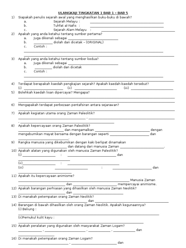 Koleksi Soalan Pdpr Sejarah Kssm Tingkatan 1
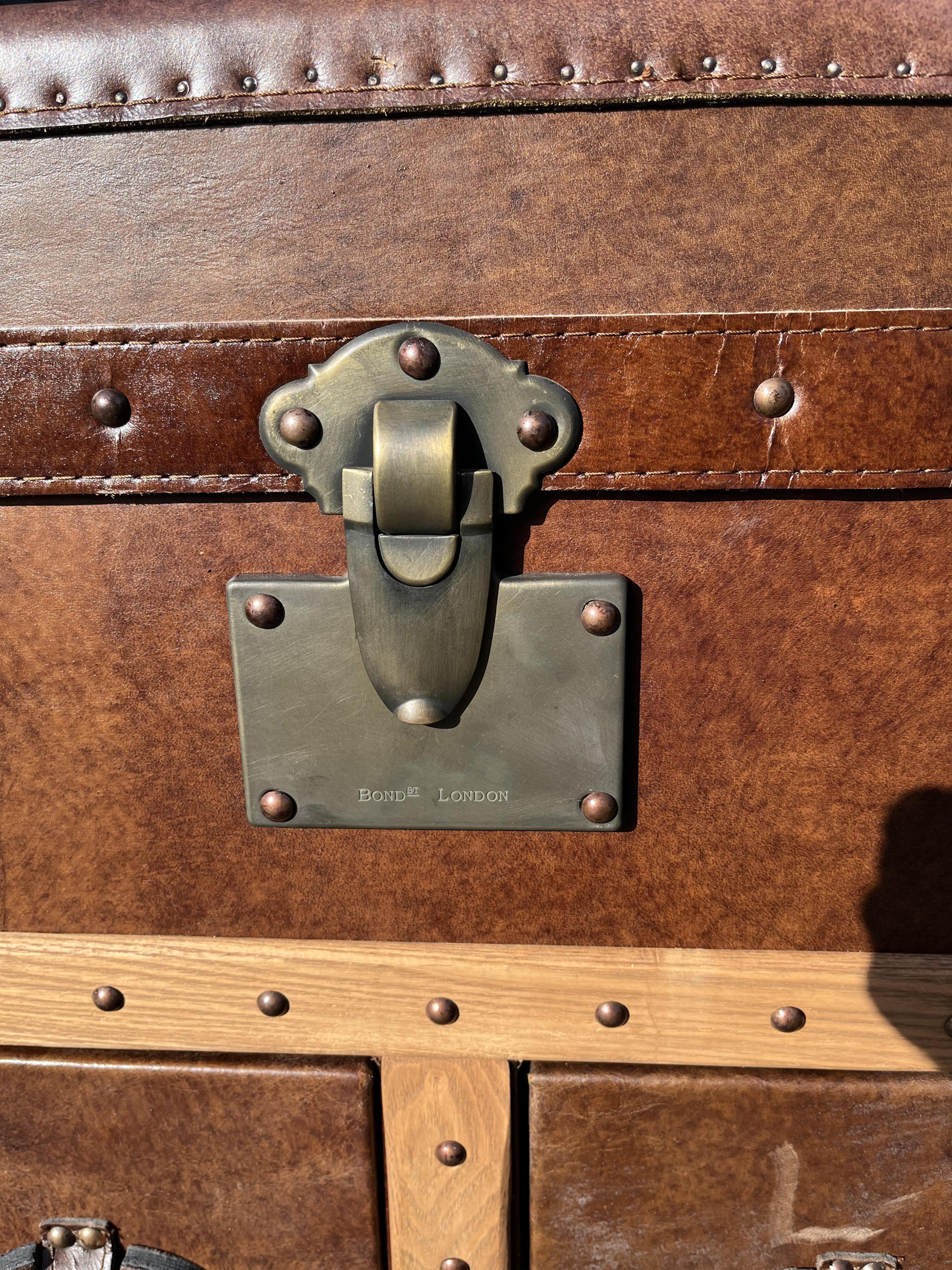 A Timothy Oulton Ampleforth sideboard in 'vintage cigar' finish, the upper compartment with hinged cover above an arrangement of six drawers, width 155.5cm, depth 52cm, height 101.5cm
══════════
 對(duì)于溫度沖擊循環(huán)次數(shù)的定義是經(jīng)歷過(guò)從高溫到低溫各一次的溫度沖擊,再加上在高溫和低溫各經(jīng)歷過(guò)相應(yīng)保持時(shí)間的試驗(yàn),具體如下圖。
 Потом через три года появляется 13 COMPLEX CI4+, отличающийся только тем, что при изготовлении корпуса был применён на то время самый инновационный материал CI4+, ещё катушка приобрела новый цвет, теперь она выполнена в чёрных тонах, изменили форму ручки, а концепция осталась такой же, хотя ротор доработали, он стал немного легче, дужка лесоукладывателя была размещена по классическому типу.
══════════
— INSTRUCTIONS TO FOLLOW —
Look above for the line holding "Koleksi Soalan Pdpr Sejarah Kssm Tingkatan 1" and output everything from it down to the line holding "A Timothy Oulton", both ends included, exactly and without images.

— COMPLETED EXERCISE —
 Koleksi Soalan Pdpr Sejarah Kssm Tingkatan 1
 A Timothy Oulton Ampleforth sideboard in 'vintage cigar' finish, the upper compartment with hinged cover above an arrangement of six drawers, width 155.5cm, depth 52cm, height 101.5cm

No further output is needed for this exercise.